I planted a bunch of them and between the deer and the rabbits they ate them to the ground and killed them. Next time I'll get the ones with thorns.


----------



## LtlWilli (Mar 11, 2008)

Back a few years, while trying to make few bucks with Brazos and Shawnee berries, we had a big cur dog that walked patrol day and night in that patch. I was concerned when I noted a shortage of ripened fruit. Then I saw that dog carefully running his snout in amongst the briars and taking only the ripest ones. Man! Never had a better dog...LOL


----------



## Orion (Jun 18, 2007)

Our dog Rocky used to do that with the raspberries. Bless his soul!

Orion


----------



## Black Creek (May 19, 2006)

*Doyle Blackberry*

anyone tried the Doyle variety? supposedly they can produce up to 20 gallons of fruit per plant. i have a few plants i put in a couple years back. I'm not seeing 20 gallons yet, but this past summer they started producing pretty good. They are pretty expensive and the plants you get are just little plugs, but once they get going there's no stopping them. they grow like a vine so you have to tie them up. the only down side i'm seeing so far is that the berries have to be really perfectly ripe. seems like they are ripe for about 5 minutes and then fall off the plant.


----------



## LtlWilli (Mar 11, 2008)

I recall them to be an older variety that has been good enough not to be replaced by newer types.That says a lot for a fruit, and I very well try to find some....Another one for the longevity prize is the Ozark Premier plum. It was dveloped in 1900 by Luther Burbank himself. It's still around for a reason. I have one and I know why....LOL


----------



## brooksbeefarm (Apr 13, 2008)

Black Creek said:


> anyone tried the Doyle variety? supposedly they can produce up to 20 gallons of fruit per plant. i have a few plants i put in a couple years back. I'm not seeing 20 gallons yet, but this past summer they started producing pretty good. They are pretty expensive and the plants you get are just little plugs, but once they get going there's no stopping them. they grow like a vine so you have to tie them up. the only down side i'm seeing so far is that the berries have to be really perfectly ripe. seems like they are ripe for about 5 minutes and then fall off the plant.

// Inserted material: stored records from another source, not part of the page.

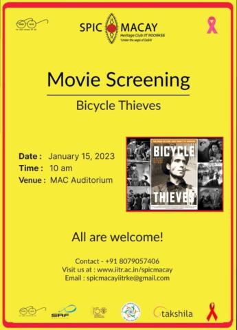 SPIC MACAY Heritage Club of the IIT Roorkee Presents : Movie Screening of "Bicycle Thieves"
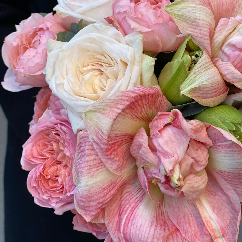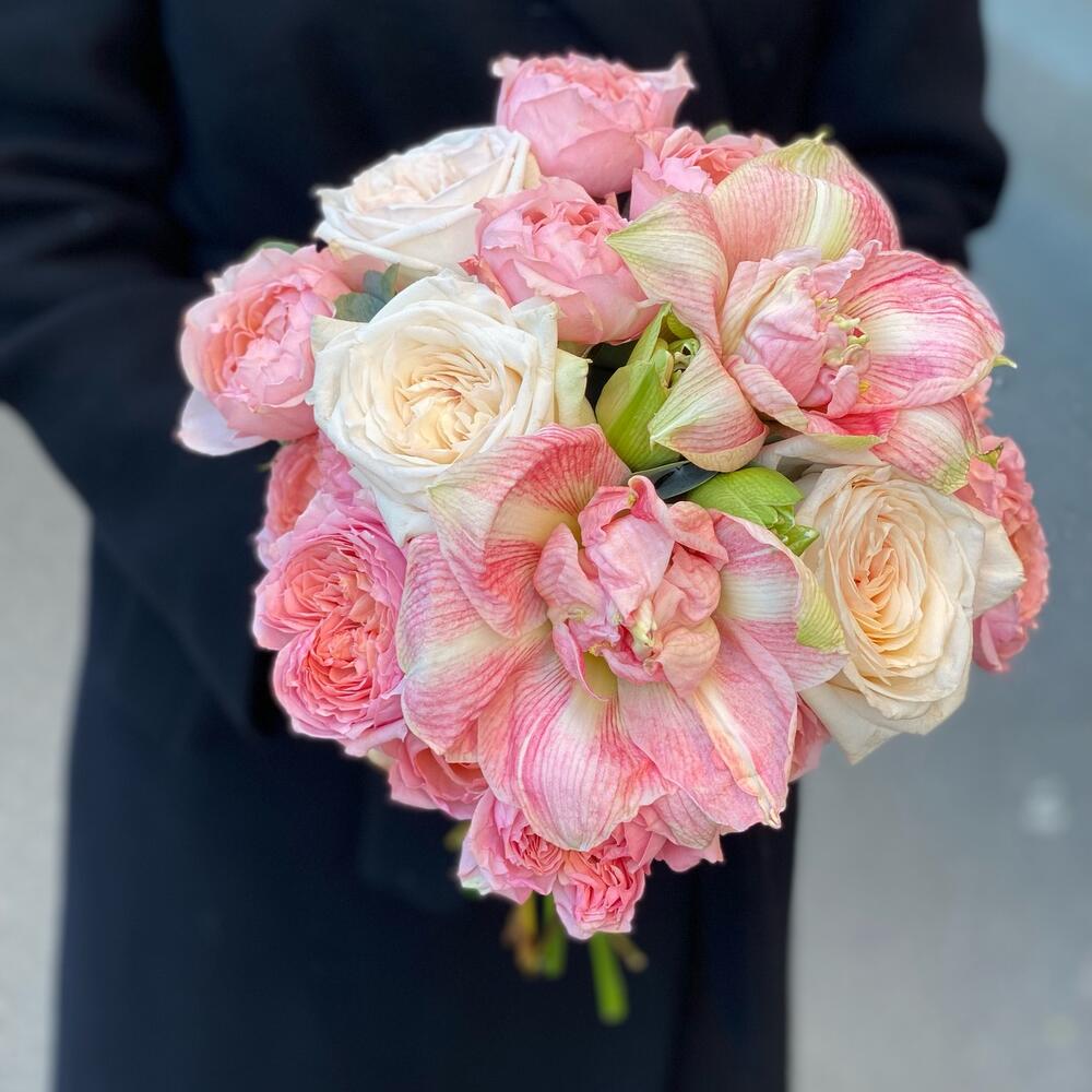 Альстромерии, Кустовые розы, Лизиантусы, Пионовидные розы, Розы, Ромашки
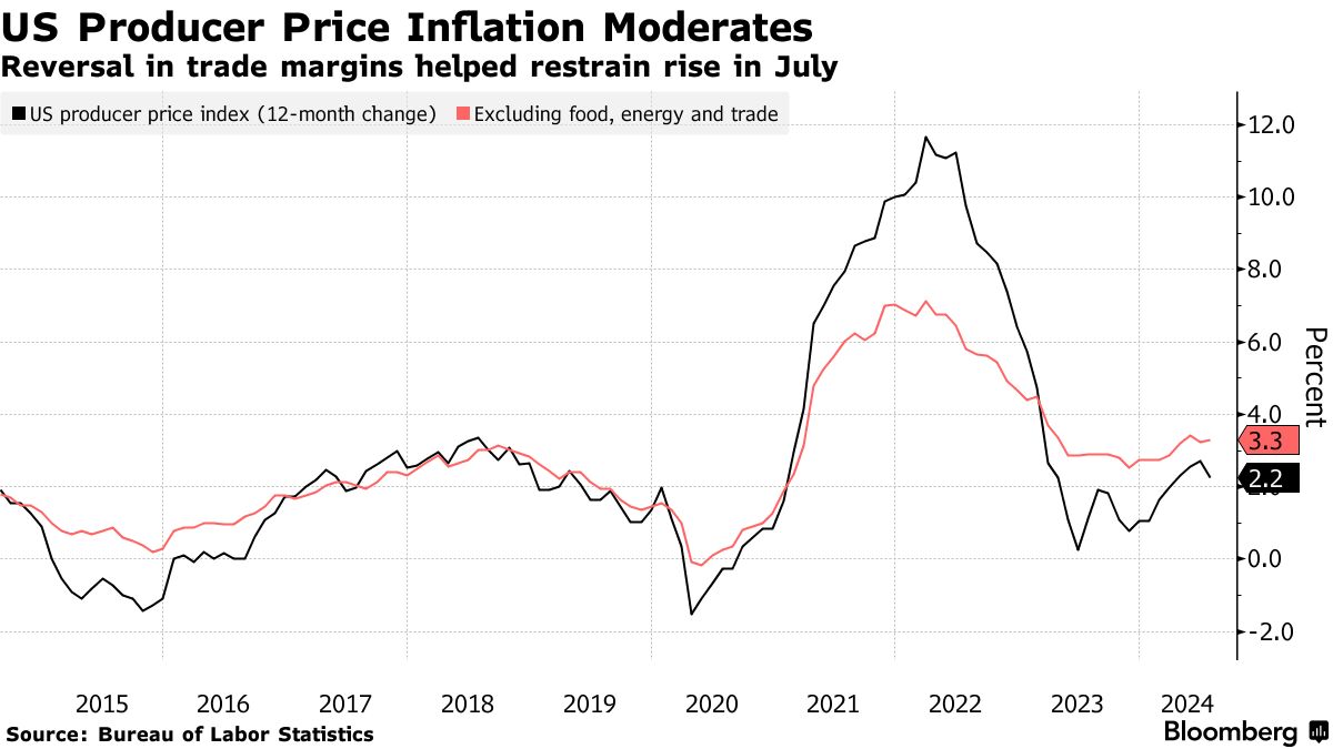 美国2024年7月生产者价格指数:生产者价格上涨幅度低于预期 - 彭博社

Sounds alot like the Triple crown berry that I have.They Don't produce quiet 20 gal.per plant( I think they claim 30 lbs per plant),but are big berries,sweet and keep good.That is until people find out I have some.Got mine from Starks Bros. Nursery.Jack


----------



## LtlWilli (Mar 11, 2008)

Stark Bros. is a bit high, but you cannot beat the quality of what you'll recieve....Thorns killed the u-pick doings for blackberries. These new, sweeter thornless berries should revive it all again....At least my wallet hopes so.


----------



## summersetretrievers (Mar 4, 2006)

I don't have a large raspberry patch so I've put up windchimes on shepherds crooks around them deer are skitish so the wind blows or they bump the windchimes and off they run. We also found some irridescent foil type tape that blows in the breeze and helps keeps the birds away. LOL nothing to keep the dogs away though. We just keep the higher up berries for ourselves


----------



## wmgysi (Feb 14, 2009)

*Deer*

I had to build about 300 feet of 8 foot fencing to keep the deer out of my young apple trees. It also keeps the bear away from the mature fruit trees and also black caps, similar to black berries. Anyway. I set a post every 7 feet. then cross timber spaced about 32" and then up and down poles 8' or longer at 6" spacing. I have a lot of maple bushes and alder and these are a perfect wood to do it. Sticks are from 3/4 inch to about 2.5" in diameter and if they are not streight I make them point outwards. It looks a kind a cool and some of my friends think I was a Viking before building a fort.
The peanut butter trick on electric fence works to deter the deer but they are smart and just go for the better stuff, the buts on the trees. I never tried running the radio on a talk show but that is something to try if you have just a small area.
Good luck



Ronnie Elliott said:


> I just planted 22 1-gal containers of Arapaho Thornless Blackberrys. My friend tells me I will have to put up a high fence to keep the deer from eating the buds. If I have a problem I might try a electric fence with ?jowles, that I already have. I read where you can staple alumnium foil strips to the wire, with a dab of peanut butter. What are your experiences?


----------